The first French Championships, won by Joël de Rosnay, took place in Biarritz on September 12, 1960 (sponsored by Caron Perfumes) and the first European Championships in August 1961. The Patou Cup, sponsored by Patou Perfumes, was held in 1964. That same year, the “Waikiki Surf Club” had 112 members. The number of competitions increased considerably, and the sponsors were prestigious, as indicated by names such as the Hermès Cup, the Chamonix Hotels Cup, and the Joubert Jewellery cup.

Surfing in Biarritz in the 21st Century: A Changing Regional Identity

Several coastal towns may claim a surf image as their identifying principle, but only Biarritz, with its history in French surfing, can successfully market itself as “authentic” – at least according to successive municipalities – a rare resource in the competitive space of surf cities.

However, over the long term, from the advent of surfing in Biarritz in the late 1950s to today, the identifying factors have undergone variations and reconfigurations that reinforce the theory that Biarritz’s relationship with surfing is non-linear. For instance, the “Biarritz Surf Master”, a professional competition in the 1980s, and then the “Biarritz Surf Festival” in the 1990s, an event promoting the legitimate (Polynesian) “culture” of surfing and the local history of the sport, have given way to the museumification and patrimonialisation of surfing.

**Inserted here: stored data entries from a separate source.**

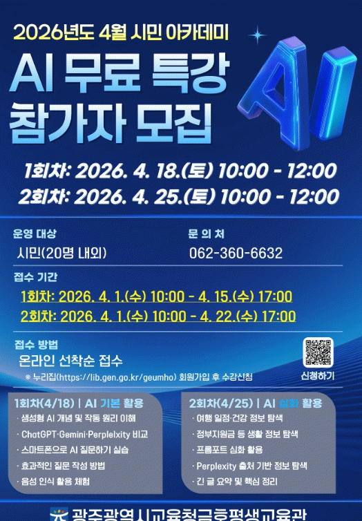 오는 4월 18일과 25일 진행되는 ‘AI 활용’ 강좌의 수강 신청은 4월 1일 오전 10시부터 금호평생교육관 누리집에서 하면 된다.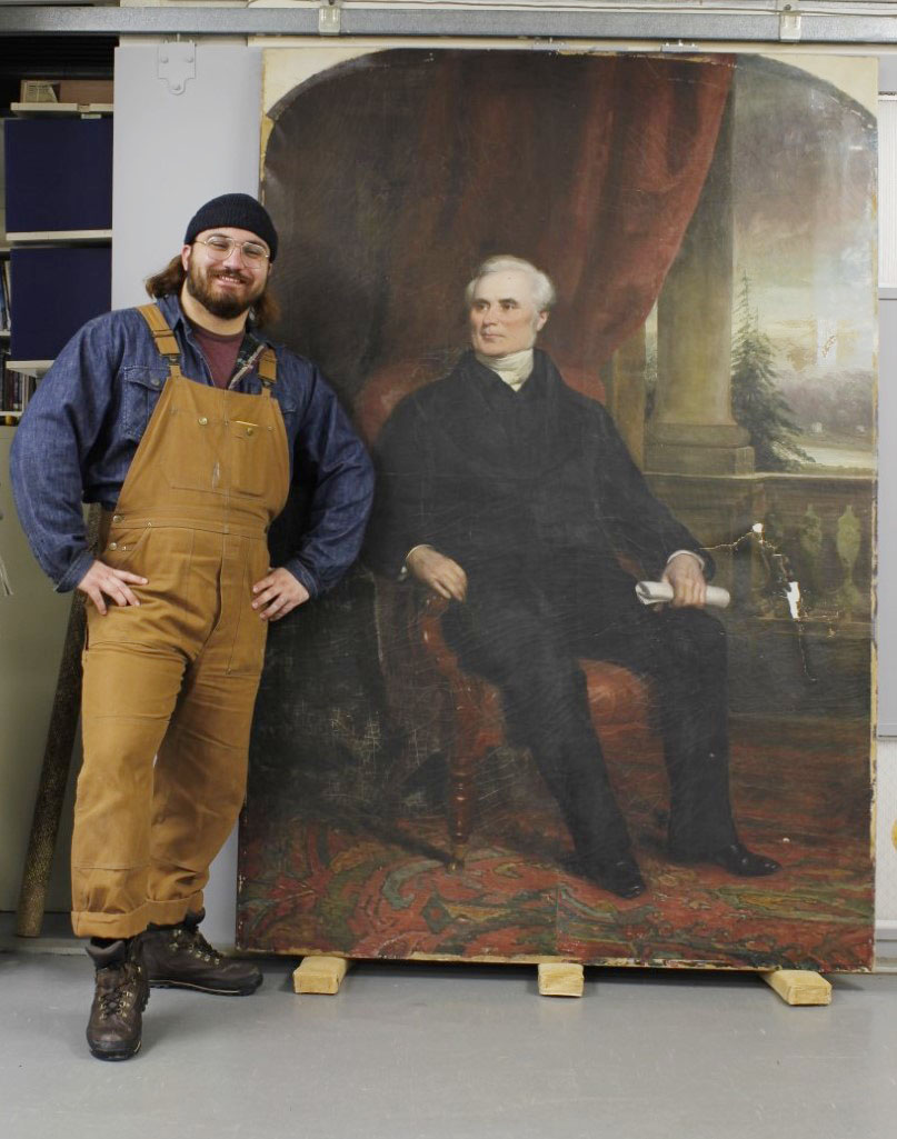 And there the portrait remained — not undisturbed, but we’ll get to that later — for 53 years. Beecham then began a long tour of campus that saw the portrait hung or stored in various places, lost from the written record for a time, and apparently kidnapped before ending up in the Owens Art Gallery, where its story piqued the interest of Colville House Curatorial Intern Jack Symonds (’21).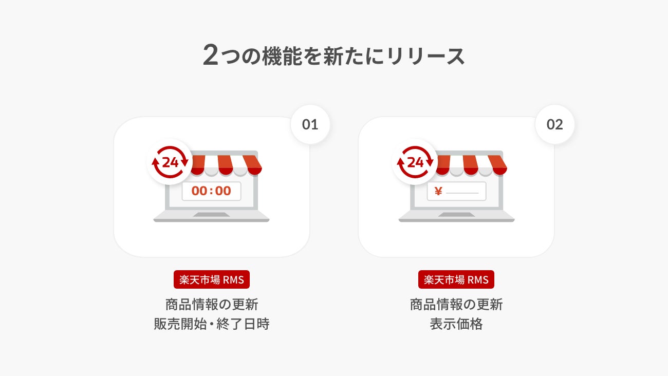 「楽天市場」の商品ページにおいて、「共通説明文(大)」は文章と画像を挿入できるため、セール期間中にセール対象商品をアピールする目的で使われています。一方で、「共通説明文(大)」の更新作業は商品ページの数だけ発生し、さらにセールの開始直前と終了直後で 2 回発生するため、手動での更新作業には手間がかかります。また、セールの終了時刻が深夜の場合は、深夜に作業が発生するため事業者の負担は少なくありません。今回リリースする新しい機能を使うことで、Google スプレッドシートをもとに「共通説明文(大)」の自動更新が可能になるため、作業担当者の負担が減るだけでなく、深夜作業のため割増で発生していた残業代等の人件費を削減することができます。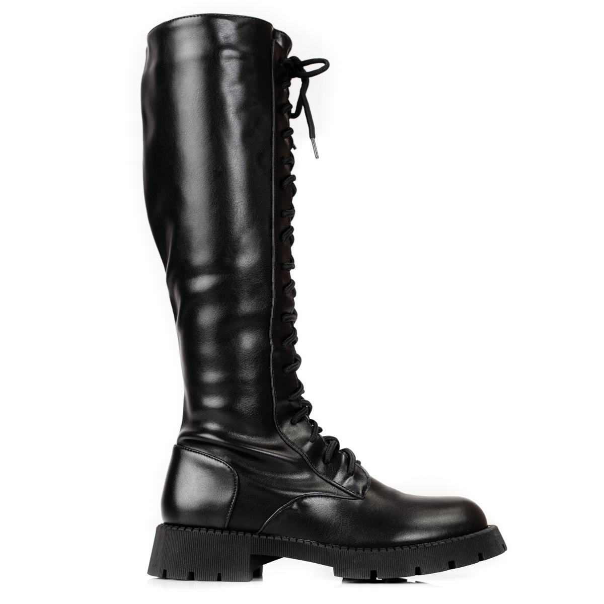 Elegant och funktionell - så här kan du beskriva höga, spetsade dambaggies från SHELOVET. Dessa svarta stövlar är en kombination av avslappnad stil med en antydan av militär karaktär, vilket gör dem till ett idealiskt val för kvinnor som värdesätter ett moderikt utseende och komfort under kallare dagar.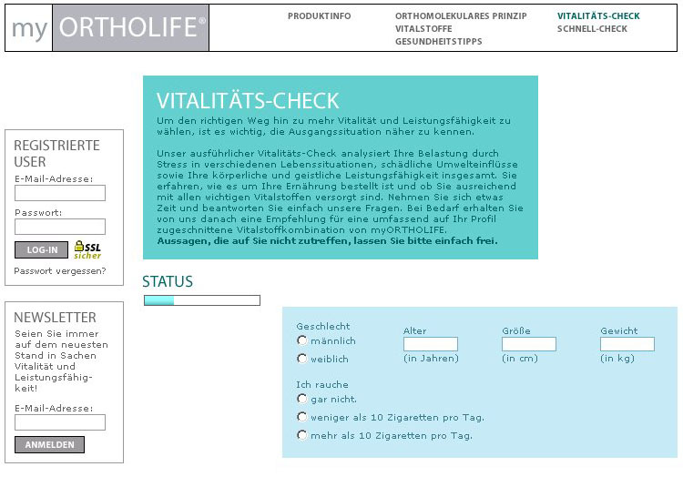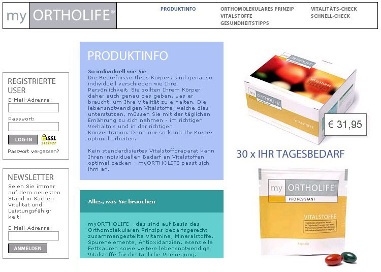 Ein Nährstoff-Finder und umfassende Informationen zur orthomolekularen Medizin eröffneten dem User dem Web zum individuellen Vitalstoff-Paket.
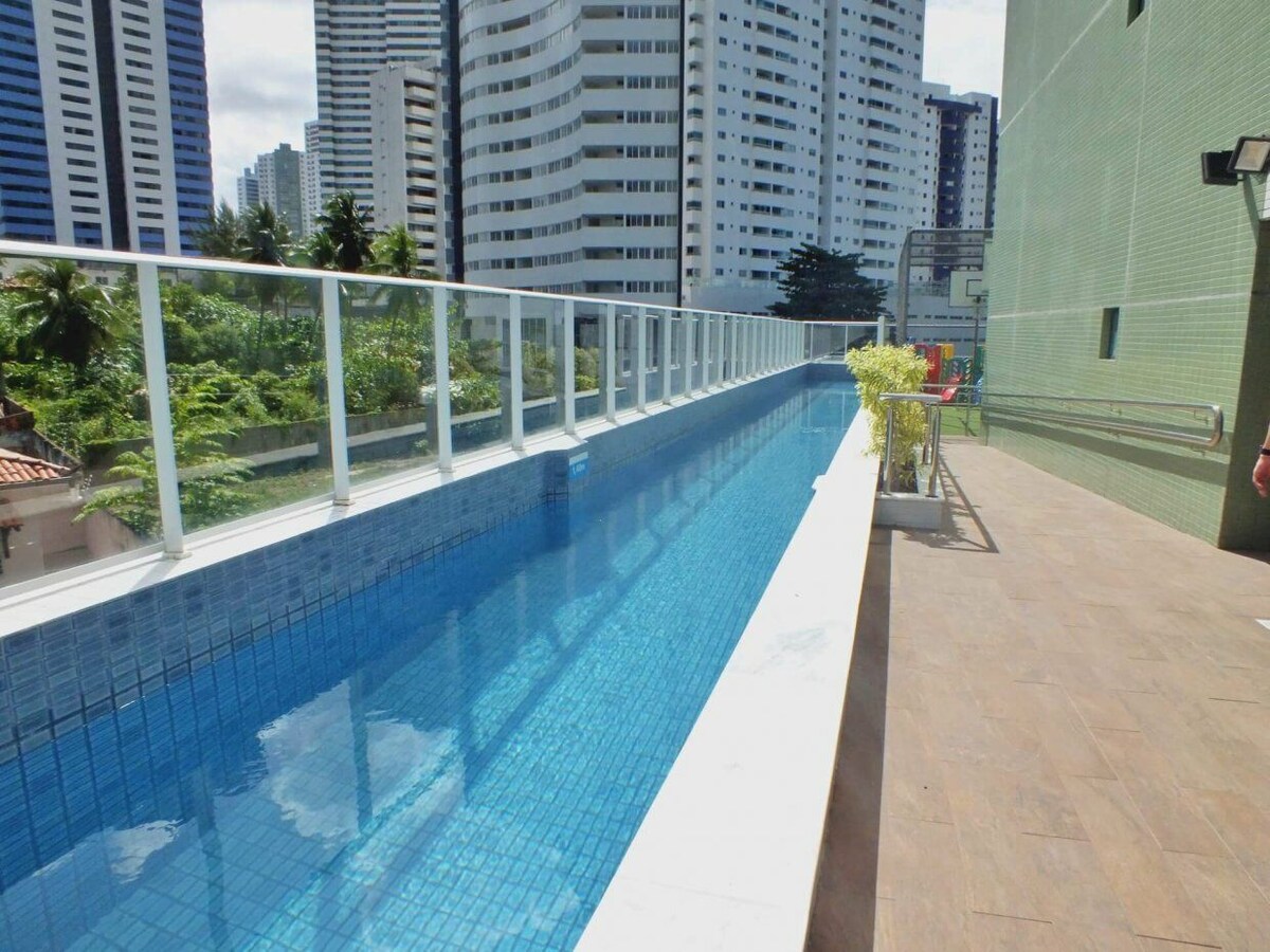 Нова та затишна квартира на найкращому пляжі Жуан-Песоа, повністю обладнана для відпочинку та роботи. У цій квартирі є чудовий балкон, дві спальні, ванна кімната, кондиціонер в обох спальнях, USB-розетки, Smart TV з Netflix, прасувальна дошка та праска тощо. У будівлі пропонують чудовий сніданок для гостей і мешканців за справедливою ціною. Насолоджуйтеся всім цим комфортом і дозвіллям на березі моря Кабу-Бранку!

A number of relatively ephemeral events have marked this political will to capitalise on the “eternal yesterday”. In 2007, “Surfing Biarritz, 50 ans de surf” was organised to showcase the introduction of surfing in the seaside resort in 1957 (Ill. 5), while exhibitions and numerous sports and cultural events were held in 2017 for the 60th anniversary of surfing in the town. The museum called the “Cité de l’Océan et du Surf” was inaugurated in 2011, a stage of the Women’s Longboard World Championships is held every summer and the “International Art Market Dedicated to Surfing”, a summer art gallery of surfing-related art works was put on several times in the 2000s and 2010s.

Ill. 5. Poster of the 60th anniversary of the introduction of surfing in Biarritz (Christophe Guibert collection)

These events, by relying on facts and representations linked to the past, structure the surfing space in Biarritz differently from that in other nearby communities (Lacanau, Hossegor, Seignosse, etc.) where professional competitions are the main source of regional identification. Events external to the local history are pretexts for the patrimonialisation of surfing in Biarritz, such as this event in July 2021 (Ill. 6) in honour of a Californian surfer, Greg Noll, a pioneer of big-wave surfing in the 1950s and 1960s in Hawaii, who passed away in June 2021.

Ill. 6. Photo of the tribute ceremony to Greg Noll, July 31, 2021, Côte des Basques Beach, in the presence of the last “Tontons Surfeurs” (photo by C. Guibert)

By relying on a distinctive dual “tradition”, namely “prestige” of the imperial era heritage and “authenticity” of surfing, which imbues the city with a certain art de vivre, the destination of Biarritz is clearly identified by tourists in search of history and/or sports in a coastal area.